You will notice the highest Risk Ratings skew towards the leveraged and inverse products but we can focus on PKW by entering its ticker in the search box above the sortable headers.  Now we see its 3.19 Risk Rating highlighted in Red with its six sub categories to the right (their weightings are at the bottom).  Each of these sub scores is a proprietary compilation of various industry standard metrics.  PKW’s 3.3 Volatility score includes our ETFGsm Implied Volatility measure in addition to other metrics to help differentiate good and bad volatility because we don’t want to penalize good performance. Similar thoughts drive our Deviation score which also includes various industry metrics. Country risk comes out of our Quant model and is an example of how our Diamond Ratings differentiate metrics that Quant integrates.  Structure is another of those Quality metrics from Quant that become part of the Red Diamond Risk calculation.  It looks at the diversification and average weights within a fund, its use of derivatives and its sponsoring firm.  Liquidity also borrows from Quant where we look at bid/ask spreads and average volume but we add a measure for inclusion on the ETFGsm Liquidation Watch List which warns of the ultimate liquidity event.  Finally, our Efficiency score addresses tracking error and expense ratios.

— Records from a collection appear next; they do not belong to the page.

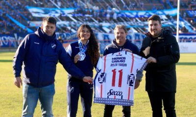 La karateca del club Alvarado, Aylén Yardín recibió un reconocimiento por parte del club en el entretiempo del partido de la Primera Nacional ante San Miguel...
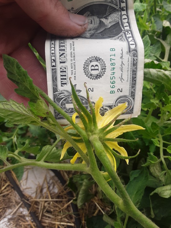 The 3.9 Leurs is trying so hard. Really big plant. Huge flowers, this thing is its idea of a single! Yet... average tomatoes? Interesting.
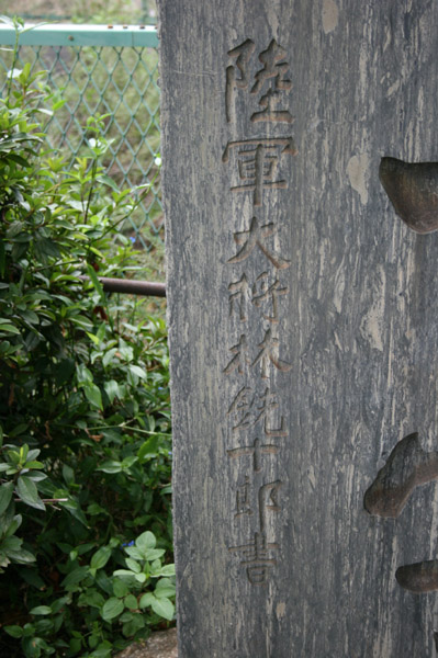 | 陸軍大将林銑十郎の銘が。33代総理大臣だった人です。 軍事拡大政策を行ったのであまり評価は良くありません。どういう謂われでこれを作ったのかは不明です。 そう言ったこともあってか、この碑に対する批判もあるようで、撤去すべきだという意見もある。 ただ、逆に見れば、過去の負の遺産を撤去して何もかも綺麗さっぱり、というのは良くないでしょう。 戦争に至った歴史を、きちんと説明を付けて保存すべきだと思います。 |

Investors not only consider the return an ETF may provide but also the risk they undertake in holding it.  Our Green Diamond Reward Ratings have done an excellent job predicting those funds that have performed best but our Red Diamond Risk Ratings are merely reflective of a given product’s historical attributes.  They are compiled and change daily although they tend to be more durable than the Reward Ratings which change with the market’s winds.  If you think the market has more to run you might want to look for higher volatility products which is a reason why we break out the sub scores.  ETFGsm doesn't tell you what to do, we give you easy to use tools to make better decisions for yourself.

Wednesday, March 20, 2013


Two foreign funds have broken the US hold on the top 10 this morning, no not Cyprus and Russia.  These two share our language and they both have welcomed stronger currencies.  Would you rather invest in a country with a weakening or a strengthening currency?  They said the sun never sets on the British Empire and when it’s daytime in Canada it’s night in Australia. The iShares MSCI Canada Index Fund (EWC) holds Quant’s 3rd place rank this morning and their Australia Index Fund (EWA) comes in at 10th place.

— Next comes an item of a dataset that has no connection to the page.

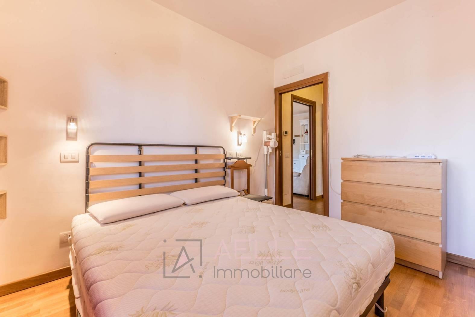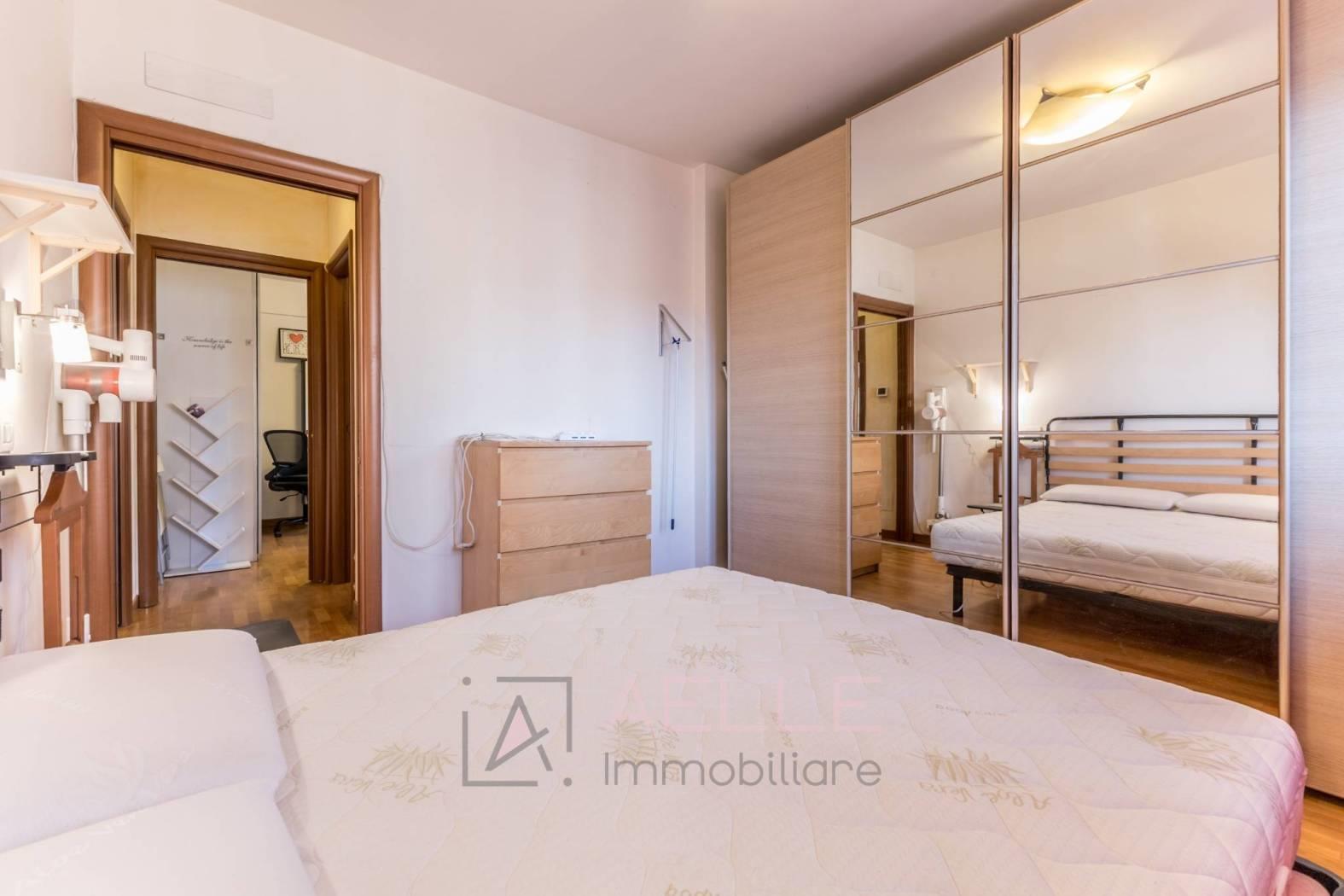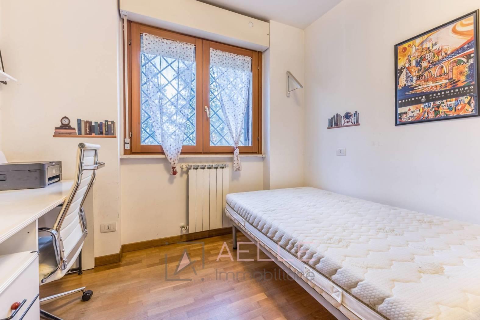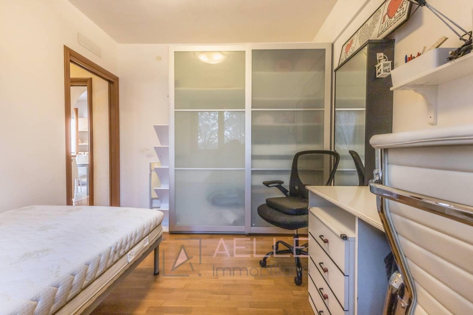 Pavimentazione in parquet, infissi in legno con doppio vetro, inferriate, videocitofono, condizionatore e serrande elettriche nel soggiorno. Box auto di proprietà di 23mq con accesso diretto dall’ascensore. Esposizione est.

EWA had been keeping pace with our broad market year to date but a 3% correction this week has dinged its technical score but brought out enough bears to boost its sentiment score.  Combined with a decent 70.3 Fundamental Score leads to today’s 9.72 Green Diamond Reward Rating.  EWC on the other hand has lagged this year which explains its middling Behavioral Score of 67.8 but the market may be missing a gem as it sports a very nice 81.5 Fundamental Score.  Those numbers combine to give EWC and even better 9.88 Green Diamond Reward Rating.  Strong currencies are good for a nation’s financial sector which accounts for almost half of AUM in EWA and more than 35% of EWC.  Materials are EWA’s second largest sector with almost 20% and Energy makes up another 25% of EWC. Besides their strong Reward Ratings, both funds also carry low Red Diamond Risk Ratings of 3.63 for EWA and an even better 3.2 for EWC.

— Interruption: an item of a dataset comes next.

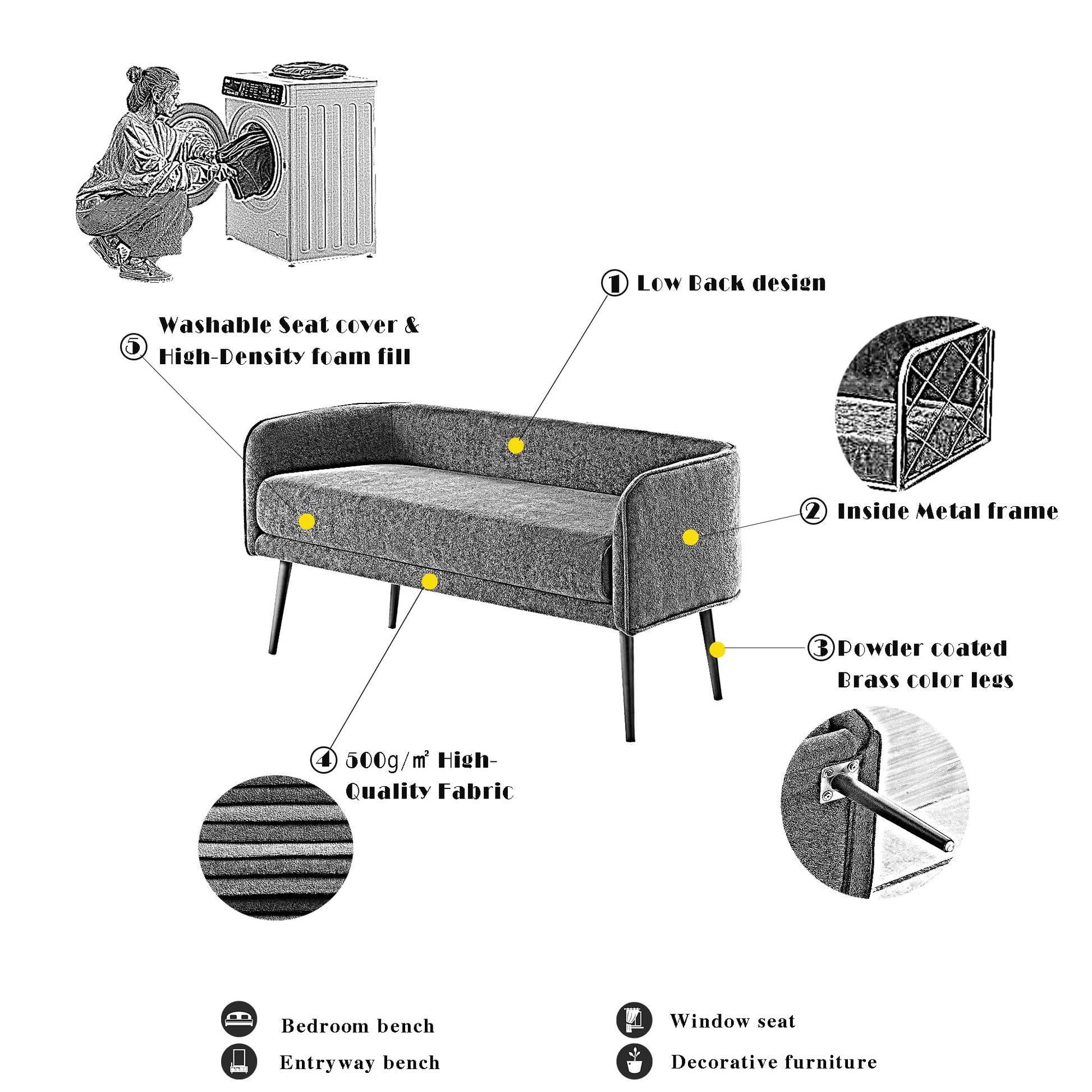 This contemporary upholstered bench combines sleek design with exceptional comfort, making it a versatile addition to any room. Featuring a supportive backrest and gently curved armrests, this bench provides optimal relaxation whether you're reading, putting on shoes, or simply taking a moment to unwind.

If you are looking for a sugar fueled short term trade you may want to stick with the weakening currencies.  But if you are looking to invest internationally for any meaningful period of time you will have to transfer those foreign currencies back into US dollars eventually.  The Aussie and Loonie have proven to be attractive places for such an investment and our models find other attractive aspects to these funds today.   Both ranked and performed well last fall but EWC began to falter late last year when it fell out of Quant’s top 100 on Christmas Eve. Its performance has had a time out but the fund began to score better early this month so our models suggest it’s ready to join the party again.  Thank you for joining the party here at ETF Global, happy spring!